Atypical Mole Evaluation Memphis Mole Check Memphis Dermatologist
George Woodbury Jr. M.D. 04/30/2023
Mole Evaluation or a Mole Check is a vital part of a Skin Cancer Screening, allowing detection of a possible Atypical Mole and even a Skin Cancer, such as Melanoma. And early detection of Skin Cancer definitely save lives.
As a practicing Board-certified Memphis Dermatologist with Rheumatology and Dermatology Associates in Cordova, Tennessee, near Germantown, Bartlett, Collierville, and Arlington, let me share with you what features we as Dermatologists are looking for when we do a Mole Evaluation.
Melanoma is a type of Skin Cancer that can develop out of normal skin or out of a pre-existing normal mole. It can also arise from what’s called an Atypical Mole, or a Dysplastic Nevus. The trigger is often exposure to UV rays – or Ultraviolet Light – coming from the sun or indoor tanning bulbs.
The person in the photo below has a Melanoma on his forehead.
Here's a close-up of this Melanoma:
The warning signs of moles that Dermatologists watch for – as originally described by Dr Rigel of New York University’s Department of Dermatology – are the A, B, C, D, E warning signs:
A stands for Asymmetry: one half of the mole does not match the other half.
B stands for an irregular Border: perhaps jagged like the coast of Maine, rather than smooth, like the coast of Florida.

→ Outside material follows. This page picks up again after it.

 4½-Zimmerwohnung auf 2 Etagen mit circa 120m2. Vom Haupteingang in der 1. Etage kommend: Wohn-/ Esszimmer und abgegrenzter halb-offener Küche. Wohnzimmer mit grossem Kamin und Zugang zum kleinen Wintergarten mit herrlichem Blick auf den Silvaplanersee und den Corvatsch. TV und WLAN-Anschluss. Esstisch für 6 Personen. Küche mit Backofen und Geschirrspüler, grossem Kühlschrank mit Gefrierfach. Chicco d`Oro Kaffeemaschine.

C stands for Color change: perhaps a mole that’s particularly dark; or with different shades of brown, black, or gray; or with Color changes taking place.

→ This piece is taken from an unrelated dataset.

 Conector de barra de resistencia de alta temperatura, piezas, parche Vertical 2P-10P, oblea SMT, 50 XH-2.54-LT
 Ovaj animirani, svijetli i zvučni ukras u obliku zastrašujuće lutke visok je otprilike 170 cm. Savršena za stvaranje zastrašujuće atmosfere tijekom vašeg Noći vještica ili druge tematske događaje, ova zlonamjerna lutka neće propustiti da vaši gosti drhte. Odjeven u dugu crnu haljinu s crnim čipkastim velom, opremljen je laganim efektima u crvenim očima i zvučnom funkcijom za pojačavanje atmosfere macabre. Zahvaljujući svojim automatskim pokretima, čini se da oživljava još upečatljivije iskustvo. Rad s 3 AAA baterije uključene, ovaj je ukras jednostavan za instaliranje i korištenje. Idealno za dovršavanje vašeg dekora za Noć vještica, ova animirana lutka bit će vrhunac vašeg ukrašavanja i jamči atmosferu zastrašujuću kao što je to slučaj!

D stands for a Diameter that’s enlarging (the distance across the mole). D can also stand for Dark – a mole that’s darker than a person’s other moles.
E stands for Evolving or changing features.

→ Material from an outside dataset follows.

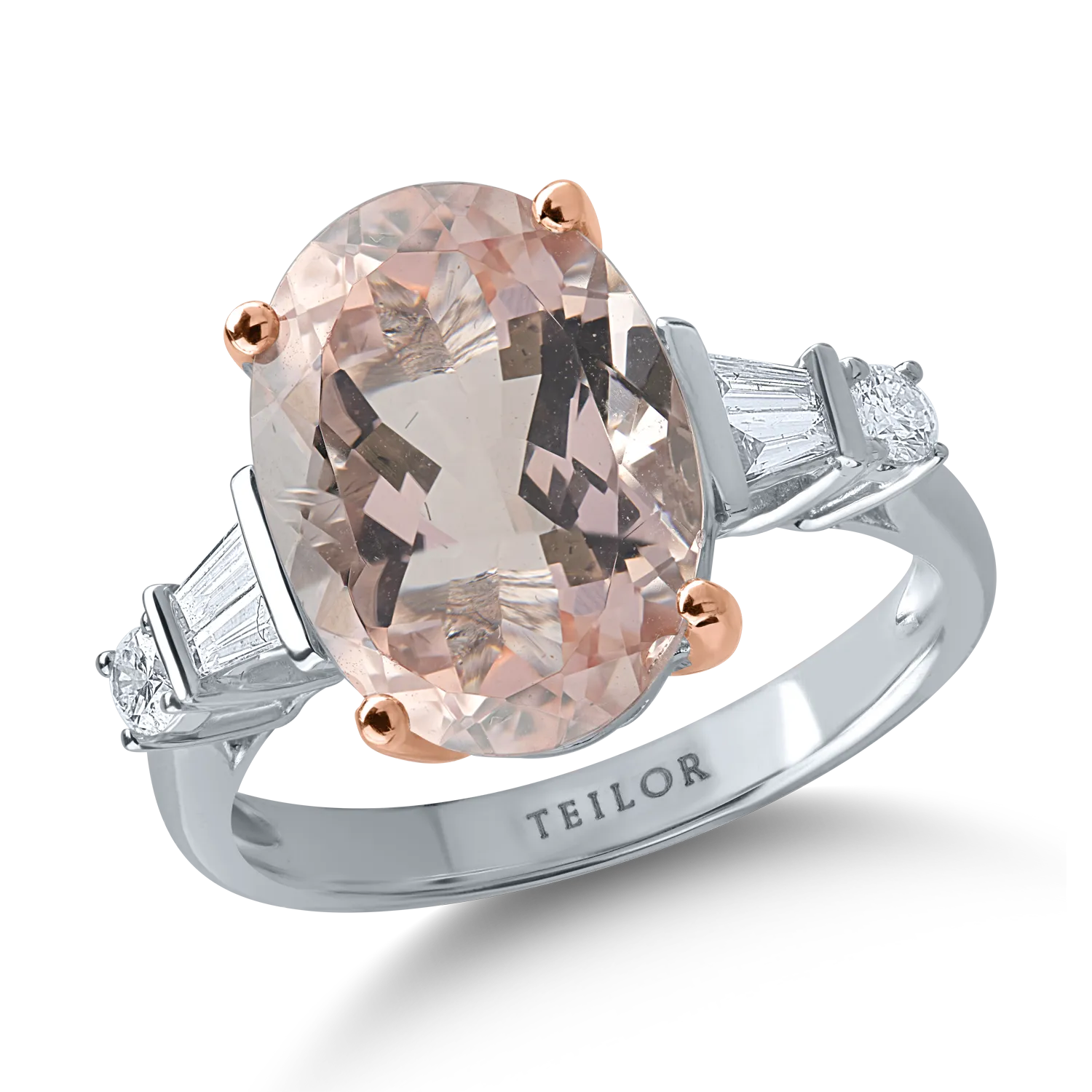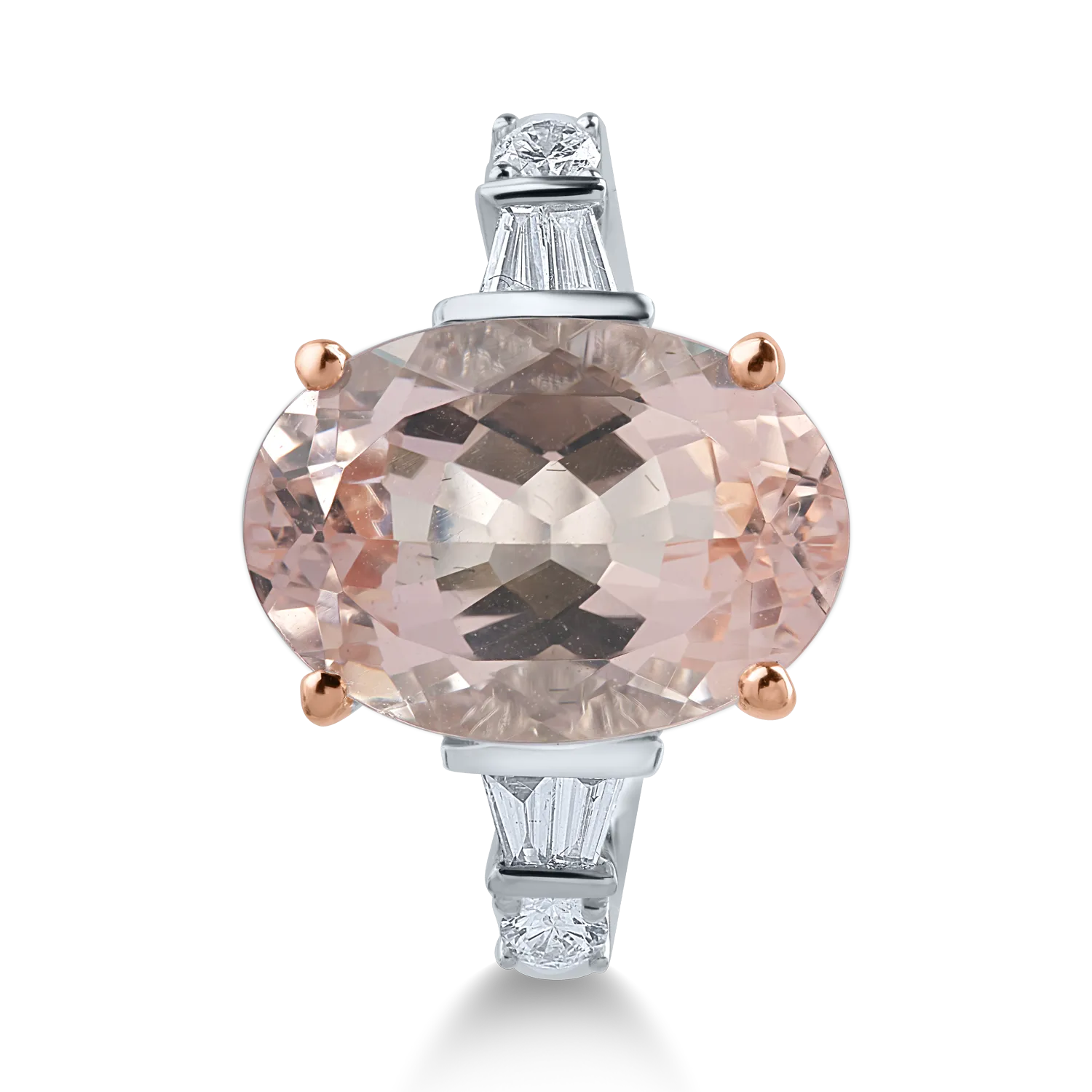 Inel din aur alb-roz cu morganit oval de 5.4ct si diamante de 0.2ct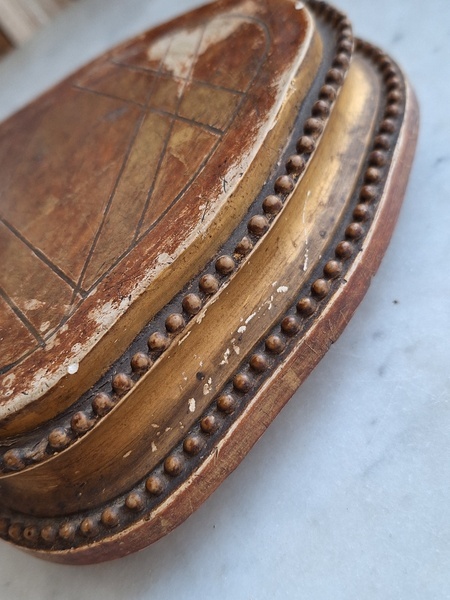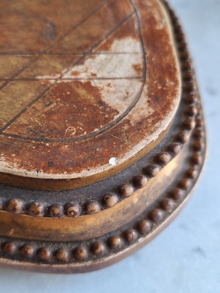 アンティーク台座です。小さめの台座です。フットの後ろ側のパーツが欠損している箇所が2つありますがご覧のように正面のパーツはついているので特に使用時に気になる感じはありません。長年使われて来た雰囲気のあるお品です。今年に入ってから見かける機会がぐっと減ってしまいました。

So what’s the story on atypical moles, sometimes also called dysplastic nevi or dysplastic moles?
In the 1970s, a Dermatologist from the University of Pennsylvania – Dr. Wally Clark – first identified certain families within which people tended to have a number of dark moles and family members tended to develop Melanoma. He described the clinical features and lab features of a Dysplastic Mole or a Dysplastic Nevus, these being moles that tended to be dark in color, often with a raised center and a flat periphery. Dermatologists now know that people with Atypical Moles can develop Melanoma both from their normal skin, and from these dark moles. Until more data becomes available, many Dermatologists – including myself – are generally recommending that atypical moles be completely removed – unless patients have so many of them that it’s more feasible to photograph the moles and monitor them for changes.